Wii and My Strange ISP (MaxNet Thailand)

wiiOne of my distractions last weekend was my new Nintendo Wii. After playing my first game, I tried to get the Internet connection working without success. After spending few hours I finally found out why: The Wii Connection test DOES NOT send a user agent, and apparently, my ISP uses a transparent proxy that will deny access to anything that doesn’t provide “User-Agent” header. It took me quite a long time to realize this.

It is quite a long story how I realized the problem. Connecting Wii trough direct connection never works, so I use my proxy server. It didn’t work either, so I looked at the log file, and tried to connect to URL listed in the log file (http://conntest.nintendowifi.net/) using my browser through my proxy server, and it works. I tried again using the Wii and now it works also. At that time I still don’t understand why. I just thought that Wii needs the proxy server, and since I don’t want to turn on my computer just to access the Internet through my Wii, I tried to install tinyproxy on my openwrt linksys router, and it still doesn’t work.

After sniffing with WireShark, I realized the difference in the header (Wii only sends 1 line of GET request). Squid is a caching server, when the Wii asks for the same document, it is already in the proxy server (because I tested the URL with Firefox), so the request was handled properly by my squid.

Realizing that, I installed squid on my router, with wget periodically pulling the connection test to refresh the cache. Now everything is OK, and I think may be I can just redirect the request to http://conntest.nintendowifi.net/ to my server, but I will wait to check at my squid log to make sure whether this URL is used for connection test only or for something else.

Porting Linux Kernel 2.6.25.4 To STAR STR9100 (Agestar)

There are quite many limitations using old kernel for Agestar, one of them is you can not install the latest Linux distribution. I am eager to make the new Linux kernel to work on the agestar hardware. So since my last post, mainly I am just hacking at the kernel and not at the userspace stuff. As of today, I managed to boot the new kernel, and wrote a serial driver for it (you can see the boot messages at the end of this post). My next target is to port the USB and/or NIC driver.

As you may have read from my earlier posts, there are no documentations available for the STR 9100 hardware, so I based my work on the source code of the earlier kernel (I can’t believe so many things have changed since the 2.4.36). The initial work is quite easy if you are an experienced kernel developer. Because I am not experienced, I need to study quite many things before reaching the current state.

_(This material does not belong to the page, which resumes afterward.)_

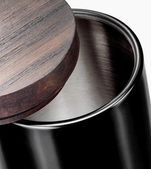 Elegant coffee tin from Porsche with branded serving spoon.Enjoying aromatic coffee on a whole new level – with this exclusive coffee tin designed by Studio F. A. Porsche. Its elegant wooden lid, inspired by the Porsche interior, preserves the full aroma of freshly roasted coffee beans and coffee grounds thanks to its special seal. The matt Porsche logo on the container gives the tin an exclusive touch. The sophisticated design is crowned by the measuring spoon with matt Porsche logo included, helping make precise dosing easier. Capacity approx. 1.2 kg or 1.2 l.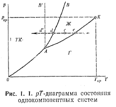 Рідкий стан речовини є проміжним між твердим і газоподібним (мал. 1.1). Область існування рідини обмежена з боку низьких температур переходом в твердий стан (точки cdd') а з боку високих — переходом в газоподібний стан (точки с, е). Лінія АК, що розділяє рідку і газоподібну фази, закінчується критичною точкою, відповідній температурі Ткр і тиску Pкр, вище за яких неможливе існування рідини в рівновазі з парою. Лінія рівноваги рідина — тверда фаза критичної точки не має. У металів температура плавлення підвищується із збільшенням тиску (крива АВ); у льоду, кремнію, германію — знижується (крива АВ'). Точка А на діаграмі стану відповідає температурі і тиску, при яких в закритій посудині знаходяться в рівновазі тверда, рідка і газоподібна фази. Рідині поєднують деякі властивості як твердих тіл, так і газів. Тверді тіла бувають кристалічні і аморфні. По типах зв'язку кристали діляться на атомні, іонні, металеві і молекулярні. Вони мають ближній і дальній порядок. Ближній порядок означає правильне розташування біля фіксованого атома, іона або молекули певного числа найближчих сусідів. Дальнім порядком називається розташування частинок в певній послідовності з утворенням єдиної тривимірної гратки. За наявності дальнього порядку відстань до будь-якого атома кристала обчислюється через параметри елементарної комірки по формулі

Because I don’t have any documentation about the FA526 CPU, I took the CPU specific code from the Icy Box. They provide the source code for Kernel 2.6. The SoC uses the same Processor, but completely different hardware for the rest (well, something is better than nothing). For the serial port, I realized that the serial port used is "High-speed 16C550-compliant UART serial channel" http://www.starsemi.com/vChn/Prods/str9104.php, so I studied the source code for 8250.c and added a small code to specify the the UART speed, register mapping, and memory location for the UART IO. This creates a much cleaner code than the original serial_str9100.c source code. The serial_str9100.c was 3799 lines of code, mine was about 100 lines of code (70 lines of code in a separate file, and the rest is adding register mapping to 8250.c).

My next plan is to work on the network driver. This should be not so difficult, at least I have higher hope to make this work compared to the USB part. The old network driver have some conditional compilation that indicates it can be compiled in kernel 2.6. I have tried to compile it, and there were many errors and warnings. I will try removing many codes that was not meant for the Agestar configuration (the kernel was from the WAP2000 router, so it contains router specific codes such as to acess hardware NAT).